### Exercise details
In full and exactly, please return the records, but keep out the pictures.

### Data for analysis
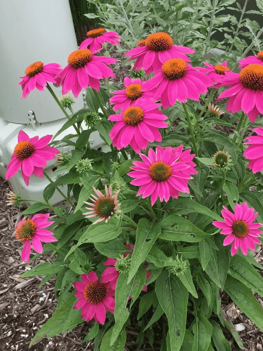Эхинацея пурпурная сорта *Pow Wow Wild Berry* пленяет взор своей изысканной красотой и благородством форм. Это многолетнее травянистое растение достигает высоты от 45 до 60 сантиметров, обладая компактной округлой формой куста, благодаря чему идеально вписывается даже в небольшие садовые композиции. Листья темно-зелёные, слегка шероховатые, овально-ланцетные, расположены очередно вдоль прямостоячих стеблей, создавая плотную зелёную массу. Цветки крупные, диаметром около 8–10 см, собраны в одиночные корзинки на концах крепких цветоносов. Лепестки насыщенного розово-пурпурного цвета плавно переходят в тёмно-красновато-коричневую центральную головку, придающую соцветиям особую декоративность и экзотичность. Период цветения продолжительный, начинается в июле и продолжается вплоть до сентября, украшая сады яркими красками и привлекая внимание насекомых-опылителей своим ароматом и живописностью. Растёт эхинацея быстро, легко размножается делением корневища и семенами, предпочитая солнечные места и плодородные почвы умеренной влажности.
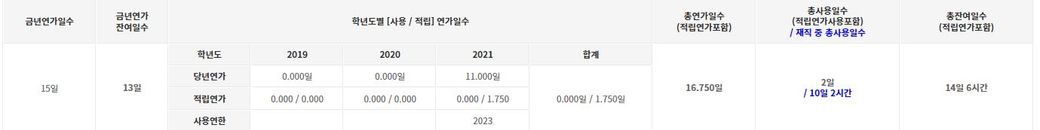 * 저는 1년차에 8일 2시간으로 사용했기에 > 2.8일이 남아있는게 맞다고 생각하는데 > 1.8일로 남음(캡처화면에서도 1.8일로 나옴) 원래 하나가 사라지는게 맞나요? 왜요...?
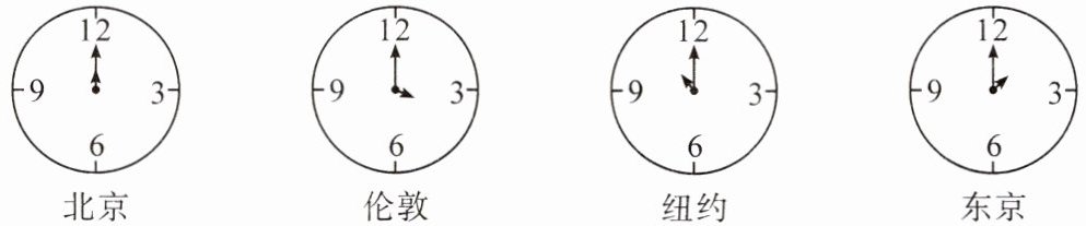 2. 家住盐城的小明夏天到海南地区旅游,他办理入住手续时看见宾馆大厅的四个时钟显示同一时刻四个城市时间不同,请你说明原因( )
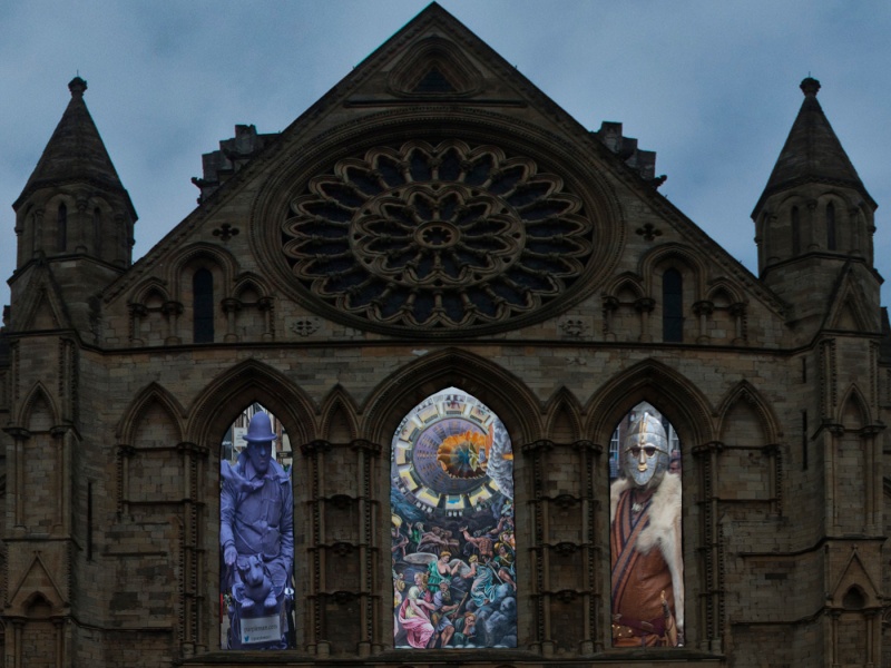I have done other variations including using less of York Cathedral so the pictures of the Purple Man, Street drawing, and Viking Jorvik are larger but question is this 3 pictures or 4 pictures and will it count as a Triptych? The other idea is to use a more simple divider.
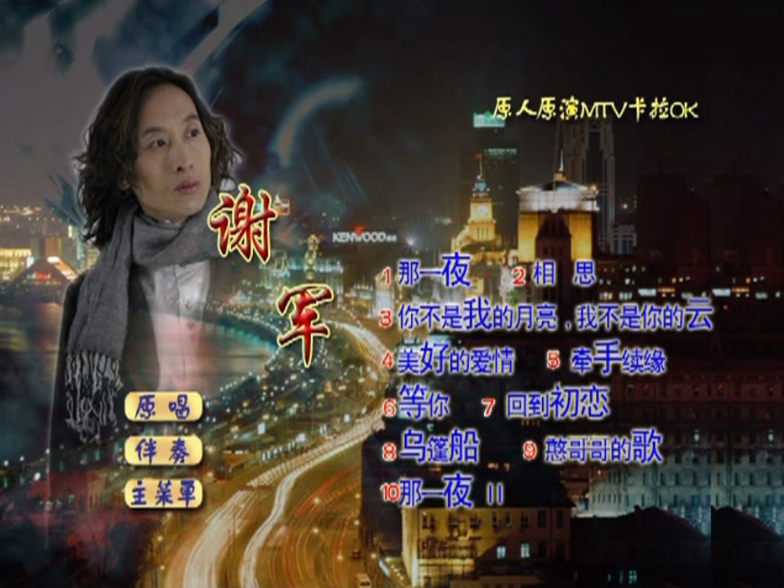 谢军 – 原人原演MTV卡拉OK (孔雀廊) [KTV][DVD ISO 2.90G] 音乐专辑曲目:1. 那一夜 2. 相思 3. 你不是我的月亮我不是你的云 4. 美好的爱情 5. 牵手续缘 6. 等你 7. 回到初恋 8. 乌篷船 9. 憨哥哥的歌 10. 那一夜 资源下载下载价格10 金币立即购买原人原演谢军
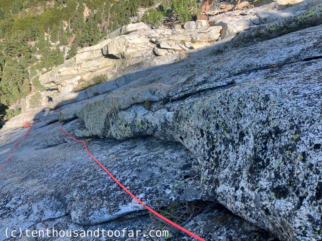 Overall, the day went swimmingly. The 5.9 crux is just off the ground – wild parallel cracks exiting a deep dihedral to a thin slab – but fortunately it both protected and climbed well. I struggled to find the proper route on pitch two. Facing a dealer’s choice of lichen covered runout slabs with no guarantee of protection above, I reluctantly bailed towards El Whampo via an easy ledge system. Those who know me know I don’t surrender easy, but one of the biggest struggles with rope soloing is providing a tight belay. An extra five feet of slack can be the sole difference preventing a nasty ledge fall. If there was any time to back off a runout pitch, this was it. I finished to the top of El Whampo in a peaceful 6.5 hours. Pitch three holds the best 5.7 hand crack I have ever climbed. It’s rare to find a pure 30 meter two-inch splitter, void of any face holds, at such an accessible grade – a true delight. Pitch six was another standout, a brilliant and lengthy 5.7 layback on excellent rock. To make it even better, because I don’t have a belayer, I got to climb every pitch twice! Double the fun, double the pump, and double the classic… what’s not to love. El Whampo is a standout Tahquitz 5.7, and when combined with the first two pitches of El Grandote becomes a must-do classic. I would certainly climb it again.
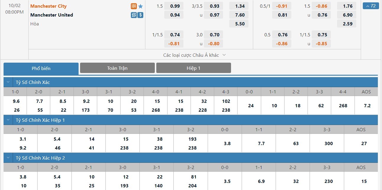 Trong 5 trận đấu gần nhất của mình, Manchester City đã có 3 trận đấu mang về được cho mình ít nhất là 1 bàn thắng trong hiệp đấu đầu tiên thì Manchester United cũng đã có 3 lần làm được điều này trong 45 phút đầu tiên. Với tỷ lệ kèo hiệp 1 ở trận đấu này được đưa ra là -3/4 trái thì người chơi nên tin tưởng vào đội khách trận này. Bước sang khoảng thời gian hiệp 2 sẽ là lúc tốc độ trận đấu được đẩy cao.
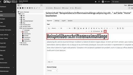 Wenn Sie in einem Element ein Wort aufgrund seiner Länge trennen wollen ohne einen Bindestrich zu verwenden, nutzen Sie das HTML-Tag <wbr/>. Klicken Sie hierfür an der gewünschten Stelle des Wortes auf das Break-Icon, um den Zeilenumbruch zu erzwingen.
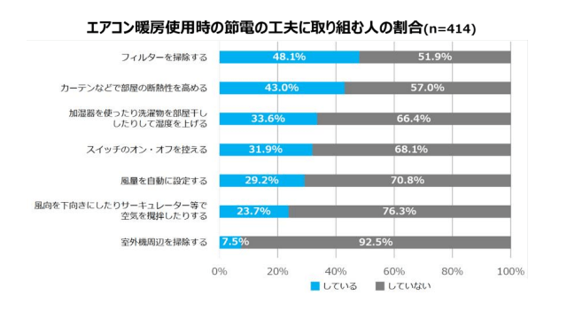 『冬にエアコンを使う際に気を付けていること』としては、「フィルターを掃除する」が48.1%、「カーテンなどで部屋の断熱性を高める」が43.0%、「加湿器を使ったり、洗濯物を部屋干ししたりして湿度を上げる」が33.6%、「スイッチのオン・オフを控える」が31.9%となった。最も実施率が低い「室外機周辺を掃除する」は1割未満で、実施率が最も高い「フィルターを掃除する」でも半数を下回るなど、節電への取り組みの実施率は低い結果となった。
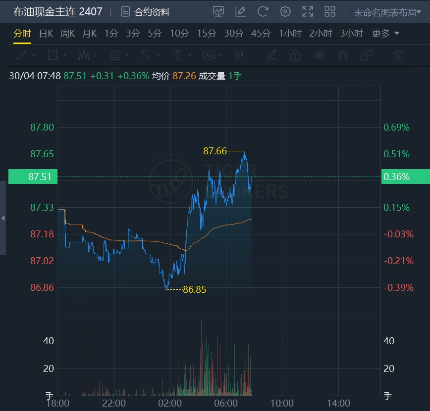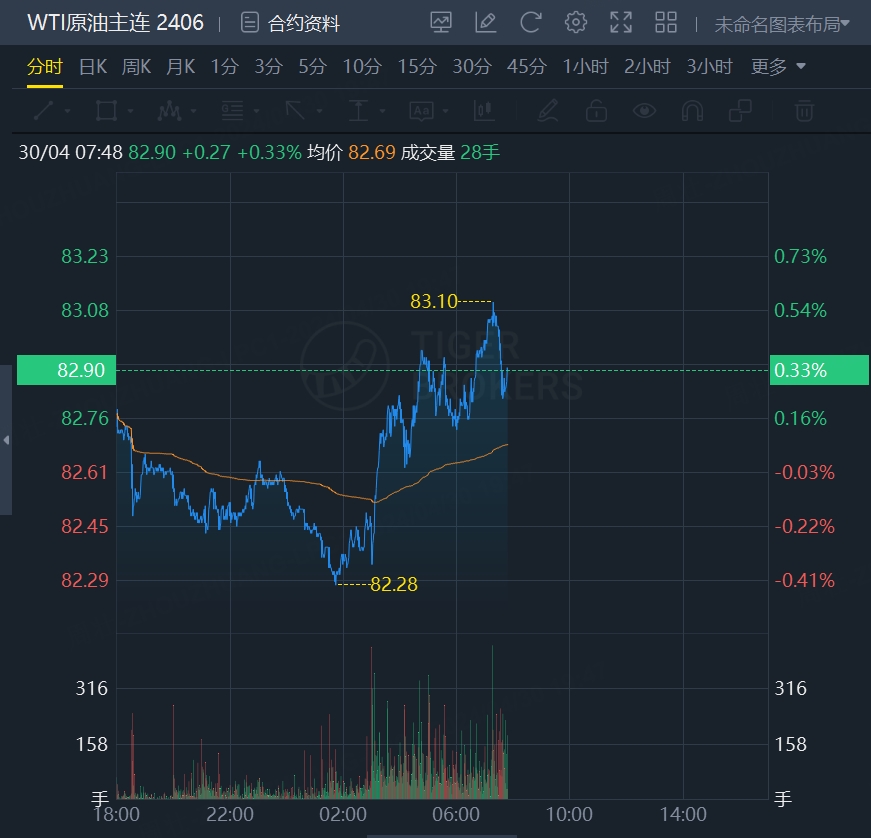 原油期货震荡走高,截止发稿,WTI原油涨0.33%,报82.9美元/桶;布伦特原油涨0.36%,报87.51美元/桶。
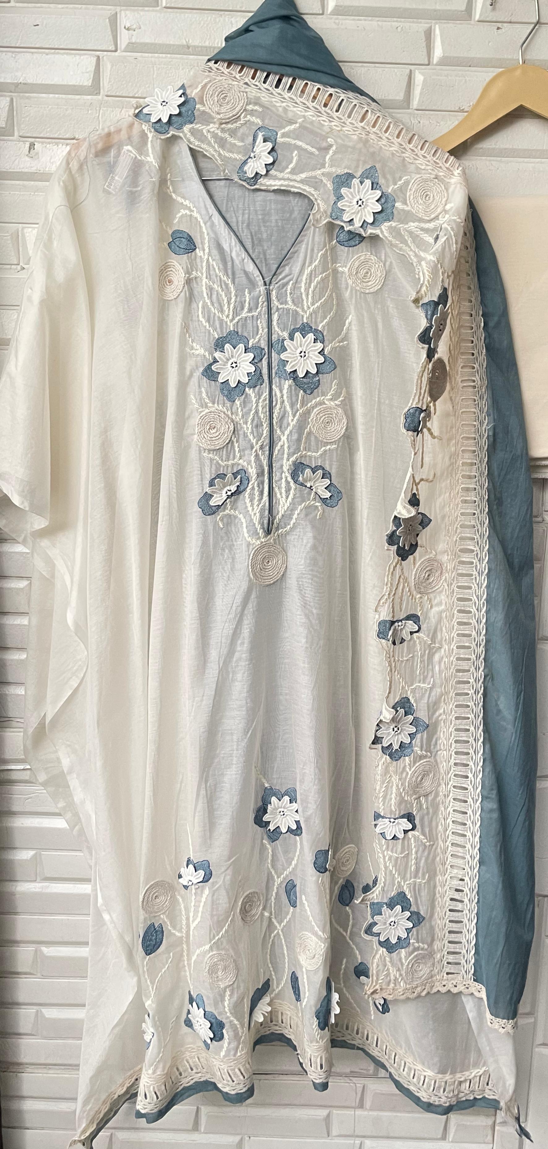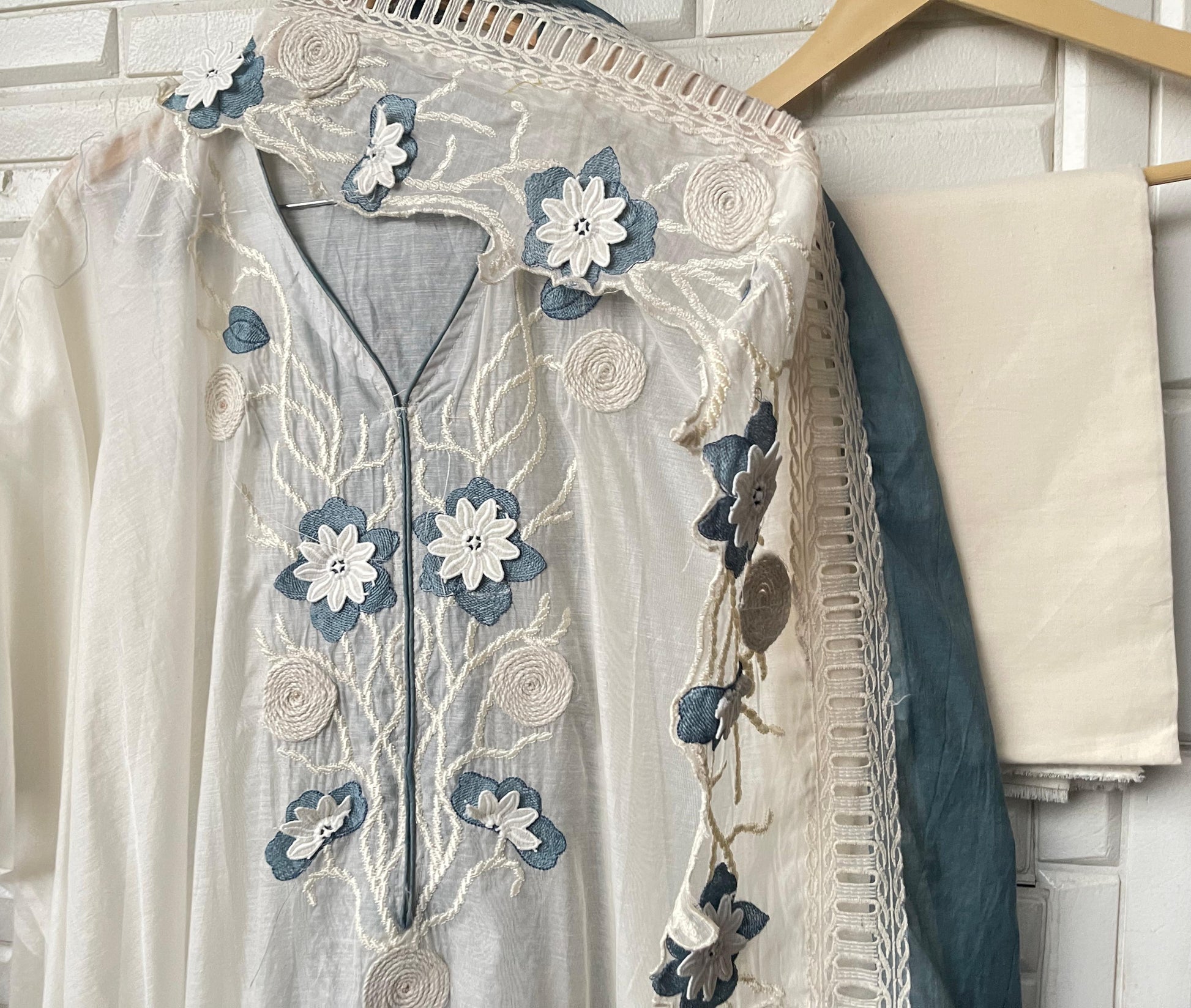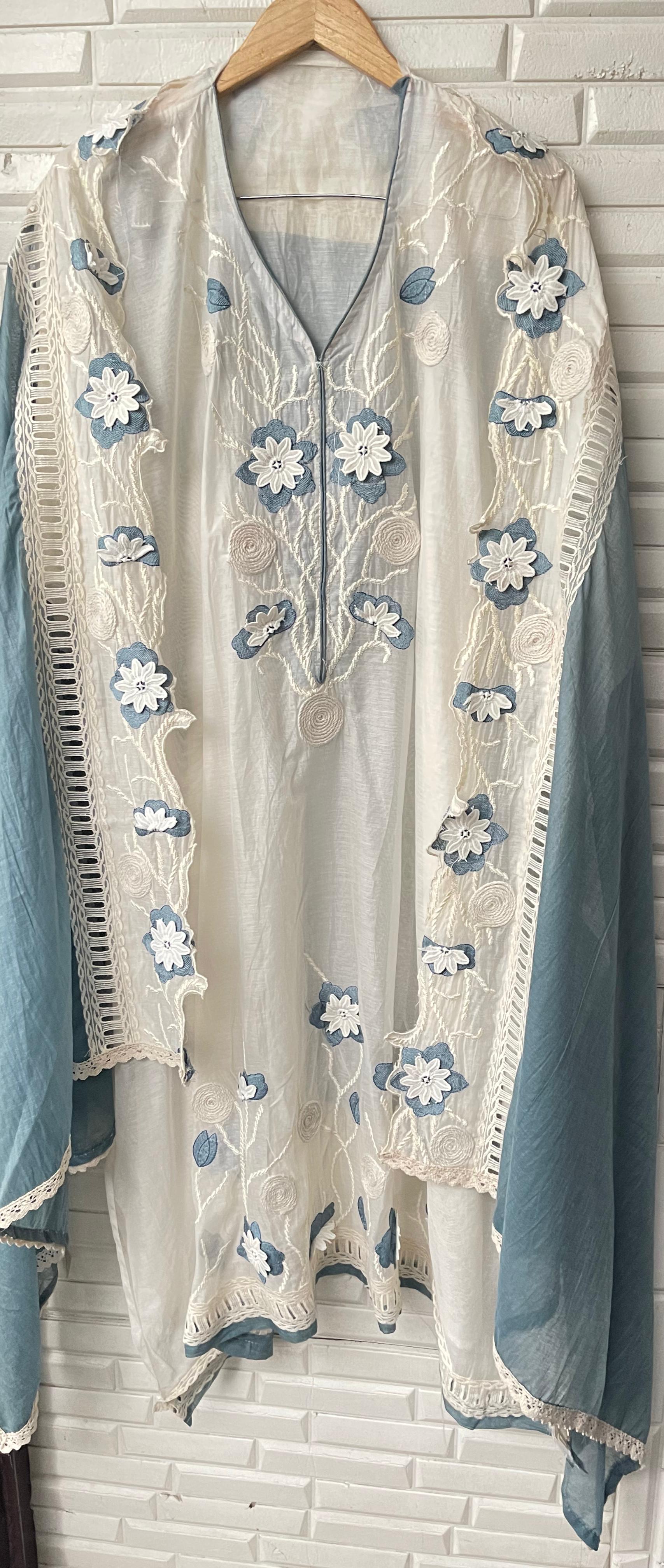 π mul chanderi fabric unstitched shirt with 3D flowers resham embroidery
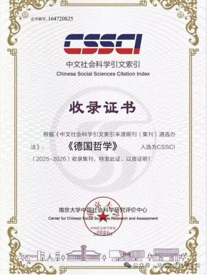 近日,我院主办的学术集刊《德国哲学》成功入选CSSCI(2025-2026)来源集刊。自2021年首次入选CSSCI来源集刊以来,该刊已连续三次获得此项重要学术认定,充分体现了学界对其办刊质量与学术影响力的持续认可,标志着刊物建设水平稳步提升。
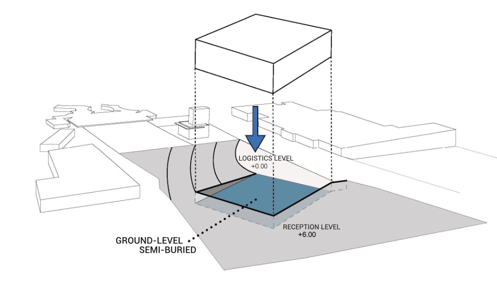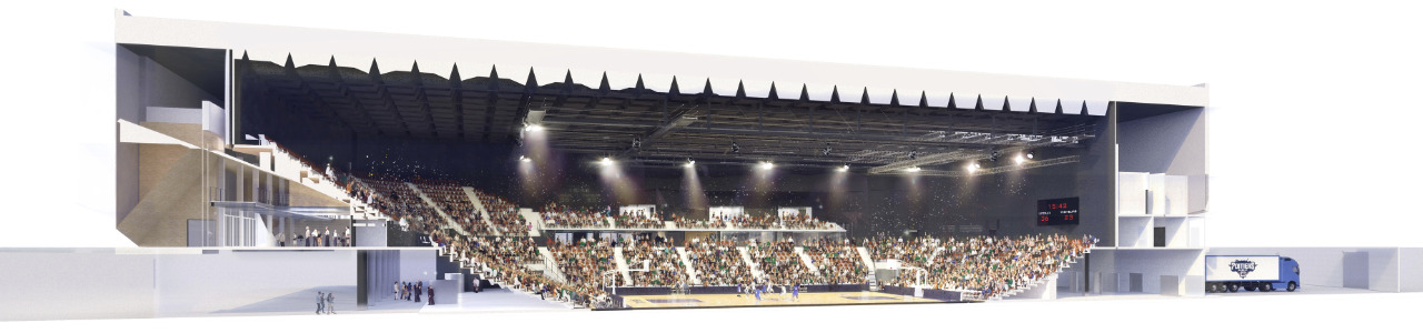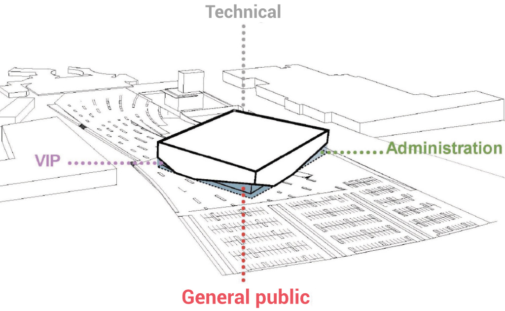 Le niveau bas du bâtiment, correspondant au parterre, sera accessible de plain-pied depuis l’aire de manoeuvre et de livraison des semi-remorques. Le parvis public et l’accès des spectateurs se feront à un niveau supérieur, de plain-pied également avec le terrain naturel sur le côté opposé de l’Aréna. De ce fait, la perception du volume est minimisée et ainsi mieux intégrée à son contexte, et la fonctionnalité est clairement renforcée. L’angle du bâtiment marque une figure de proue qui l’affirme comme un signal, un point de repère.

### Completed exercise
Эхинацея пурпурная сорта *Pow Wow Wild Berry* пленяет взор своей изысканной красотой и благородством форм. Это многолетнее травянистое растение достигает высоты от 45 до 60 сантиметров, обладая компактной округлой формой куста, благодаря чему идеально вписывается даже в небольшие садовые композиции. Листья темно-зелёные, слегка шероховатые, овально-ланцетные, расположены очередно вдоль прямостоячих стеблей, создавая плотную зелёную массу. Цветки крупные, диаметром около 8–10 см, собраны в одиночные корзинки на концах крепких цветоносов. Лепестки насыщенного розово-пурпурного цвета плавно переходят в тёмно-красновато-коричневую центральную головку, придающую соцветиям особую декоративность и экзотичность. Период цветения продолжительный, начинается в июле и продолжается вплоть до сентября, украшая сады яркими красками и привлекая внимание насекомых-опылителей своим ароматом и живописностью. Растёт эхинацея быстро, легко размножается делением корневища и семенами, предпочитая солнечные места и плодородные почвы умеренной влажности.
 * 저는 1년차에 8일 2시간으로 사용했기에 > 2.8일이 남아있는게 맞다고 생각하는데 > 1.8일로 남음(캡처화면에서도 1.8일로 나옴) 원래 하나가 사라지는게 맞나요? 왜요...?
 2. 家住盐城的小明夏天到海南地区旅游,他办理入住手续时看见宾馆大厅的四个时钟显示同一时刻四个城市时间不同,请你说明原因( )
I have done other variations including using less of York Cathedral so the pictures of the Purple Man, Street drawing, and Viking Jorvik are larger but question is this 3 pictures or 4 pictures and will it count as a Triptych? The other idea is to use a more simple divider.
 谢军 – 原人原演MTV卡拉OK (孔雀廊) [KTV][DVD ISO 2.90G] 音乐专辑曲目:1. 那一夜 2. 相思 3. 你不是我的月亮我不是你的云 4. 美好的爱情 5. 牵手续缘 6. 等你 7. 回到初恋 8. 乌篷船 9. 憨哥哥的歌 10. 那一夜 资源下载下载价格10 金币立即购买原人原演谢军
 Overall, the day went swimmingly. The 5.9 crux is just off the ground – wild parallel cracks exiting a deep dihedral to a thin slab – but fortunately it both protected and climbed well. I struggled to find the proper route on pitch two. Facing a dealer’s choice of lichen covered runout slabs with no guarantee of protection above, I reluctantly bailed towards El Whampo via an easy ledge system. Those who know me know I don’t surrender easy, but one of the biggest struggles with rope soloing is providing a tight belay. An extra five feet of slack can be the sole difference preventing a nasty ledge fall. If there was any time to back off a runout pitch, this was it. I finished to the top of El Whampo in a peaceful 6.5 hours. Pitch three holds the best 5.7 hand crack I have ever climbed. It’s rare to find a pure 30 meter two-inch splitter, void of any face holds, at such an accessible grade – a true delight. Pitch six was another standout, a brilliant and lengthy 5.7 layback on excellent rock. To make it even better, because I don’t have a belayer, I got to climb every pitch twice! Double the fun, double the pump, and double the classic… what’s not to love. El Whampo is a standout Tahquitz 5.7, and when combined with the first two pitches of El Grandote becomes a must-do classic. I would certainly climb it again.
 Trong 5 trận đấu gần nhất của mình, Manchester City đã có 3 trận đấu mang về được cho mình ít nhất là 1 bàn thắng trong hiệp đấu đầu tiên thì Manchester United cũng đã có 3 lần làm được điều này trong 45 phút đầu tiên. Với tỷ lệ kèo hiệp 1 ở trận đấu này được đưa ra là -3/4 trái thì người chơi nên tin tưởng vào đội khách trận này. Bước sang khoảng thời gian hiệp 2 sẽ là lúc tốc độ trận đấu được đẩy cao.
 Wenn Sie in einem Element ein Wort aufgrund seiner Länge trennen wollen ohne einen Bindestrich zu verwenden, nutzen Sie das HTML-Tag <wbr/>. Klicken Sie hierfür an der gewünschten Stelle des Wortes auf das Break-Icon, um den Zeilenumbruch zu erzwingen.
 『冬にエアコンを使う際に気を付けていること』としては、「フィルターを掃除する」が48.1%、「カーテンなどで部屋の断熱性を高める」が43.0%、「加湿器を使ったり、洗濯物を部屋干ししたりして湿度を上げる」が33.6%、「スイッチのオン・オフを控える」が31.9%となった。最も実施率が低い「室外機周辺を掃除する」は1割未満で、実施率が最も高い「フィルターを掃除する」でも半数を下回るなど、節電への取り組みの実施率は低い結果となった。
 原油期货震荡走高,截止发稿,WTI原油涨0.33%,报82.9美元/桶;布伦特原油涨0.36%,报87.51美元/桶。
 π mul chanderi fabric unstitched shirt with 3D flowers resham embroidery
 近日,我院主办的学术集刊《德国哲学》成功入选CSSCI(2025-2026)来源集刊。自2021年首次入选CSSCI来源集刊以来,该刊已连续三次获得此项重要学术认定,充分体现了学界对其办刊质量与学术影响力的持续认可,标志着刊物建设水平稳步提升。
 Le niveau bas du bâtiment, correspondant au parterre, sera accessible de plain-pied depuis l’aire de manoeuvre et de livraison des semi-remorques. Le parvis public et l’accès des spectateurs se feront à un niveau supérieur, de plain-pied également avec le terrain naturel sur le côté opposé de l’Aréna. De ce fait, la perception du volume est minimisée et ainsi mieux intégrée à son contexte, et la fonctionnalité est clairement renforcée. L’angle du bâtiment marque une figure de proue qui l’affirme comme un signal, un point de repère.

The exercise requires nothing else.